Community composition based on pmoA clone libraries. OTUs were defined according to a methanotrophic species-level cutoff value of 7%. Gene libraries were retrieved from pmoA PCR products from beech and spruce soils (O_a horizon pooled with 0- to 5-cm mineral soil) from three forests, Solling, Steigerwald, and Unterlüß. The numbers of analyzed sequences per clone library were as follows: Solling beech, 44; Solling spruce, 45; Steigerwald beech, 85; Steigerwald spruce, 75; Unterlüß beech, 75; and Unterlüß spruce, 41. Analysis was performed with 406 PmoA sequences using amino acids 59 to 206 according to the PmoA sequence of M. capsulatus Bath (NC_002977).
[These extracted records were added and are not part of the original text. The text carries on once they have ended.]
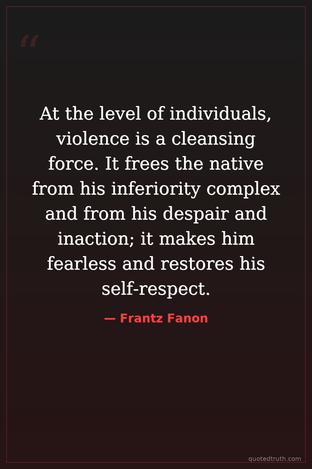 At the level of individuals, violence is a cleansing force. It frees the native from his inferiority complex and from his despair and inaction; it makes him fearless and restores his self-respect.
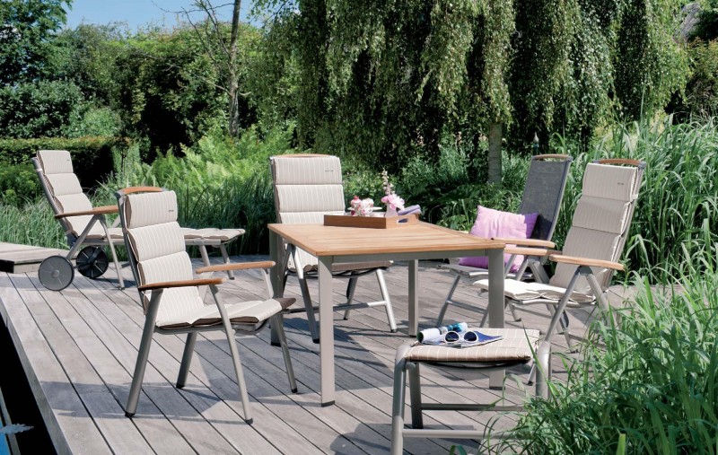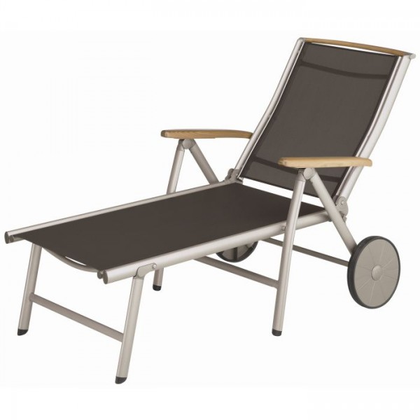 Лежак изготовлен из покрытого порошком алюминия, что обеспечивает его прочность и устойчивость к коррозии. Плетение Textilene® делает сиденье воздушным и приятным для кожи, а вставки из Teak придают лежаку элегантный вид и дополнительную прочность.
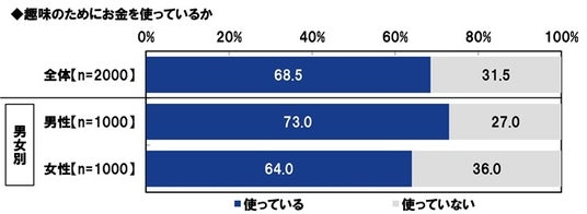 男女別にみると、趣味のためにお金を使っている人の割合は、男性では73.0%と、女性(64.0%)と比べて9.0ポイント高くなりました。
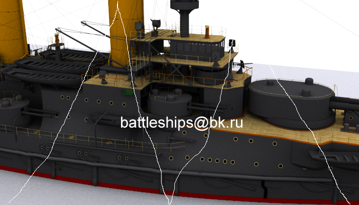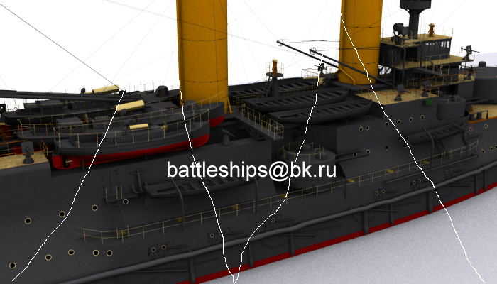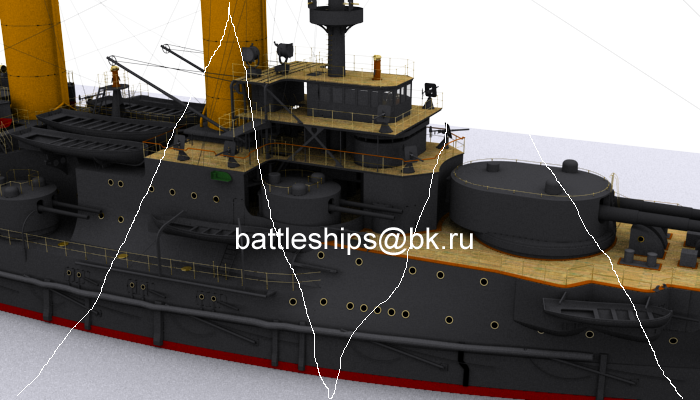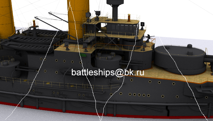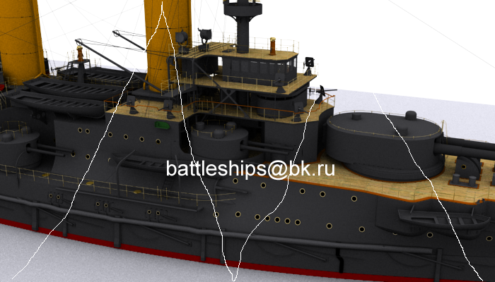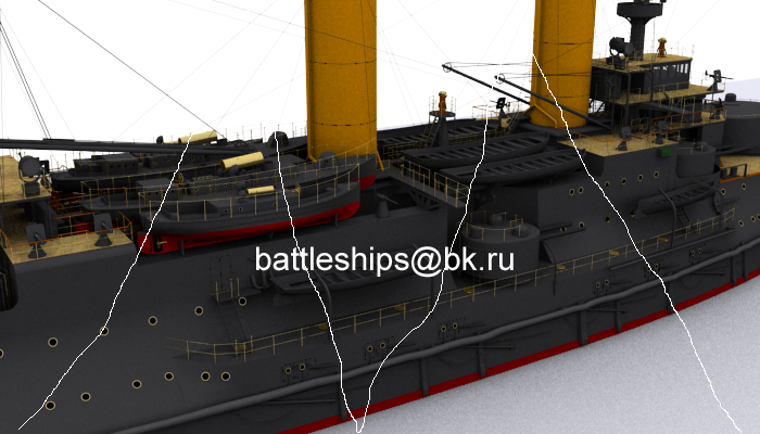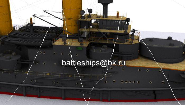 17. Кнехты. На приведенном мною в этом сообщении https://karopka.ru/forum/messages/forum223/topic33984/message1604122/#message1604122 чертеже, на корабле указана только одна пара кнехтов в носу. Если посмотрите на вид сверху моей модели - то пара кнехтов, параллельная диаметральной плоскости корабля, стоит в районе кормовой башни ГК на половине расстояния между бортом и барбетом башни и еще одна стоит перед фальшбортом носовых башен СК (это размещение можно проверить по этой фотографии). Полагаю, что последнюю пару установили уже после ввода броненосца в строй. Но это не точно.
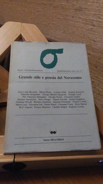 SIGMA RIVISTA DI LETTERATURA. QUADRIMESTRALE ANNO XVI 2-3 GRANDE STILE E POESIA DEL NOVECENTO
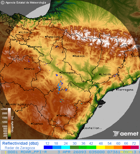 Oihartzunaren intentsitatea (Z dezibeliotan) irudikatzen da. Parametro hau prezipitazioaren intentsitatearekin lotua dago.

Gray, USCα-1; dark green, USCα-7; purple, USCα-8; light green, USCα-2; orange, USCα-4; light blue, USCα-9; yellow, USCα-6; red, USCα-10; black, cluster 6; dark blue, cluster 7; white, ammonia-oxidizing bacteria within the Betaproteobacteria.

FIG. 4.

Phylogenetic tree showing the relationship of PmoA sequences obtained from forest soils in this study to known groups of PmoA and AmoA sequences. USCα (21), USCγ (30), cluster 1 (33), JR3 (2), and Methylocystaceae (16) represent putative atmospheric methane oxidizing genotypes. The tree was calculated based on amino acids 59 to 206 according to the PmoA sequence of M. capsulatus Bath (NC_002977) using the ARB-implemented PROML method (36) with the evolutionary model JTT (25). The scale bar represents 10% sequence difference. Accession numbers of sequences used for tree reconstruction are as follows: AF148521, AF148522, AF200729, AJ278727, AJ579669, AJ868245, AJ868259, AJ868265, AJ868278, AJ868281, AJ868409, AY550736, DQ295899, EF591085, EF644409, FJ970601, FN564735, FN564878, FN564924, FN564930, U76553, and NC_002977.

FIG. 5.

pmoA, amoA, and 16S rRNA gene numbers. Bars show the number of pmoA, amoA, and 16S rRNA genes measured by qPCR in beech and spruce soils from Solling, Steigerwald, and Unterlüß. Error bars indicate standard deviations of three replicate DNA extractions of five soil cores, i.e., from a total of 15 values. The asterisk indicates significant differences between beech and spruce soil (Mann-Whitney U test).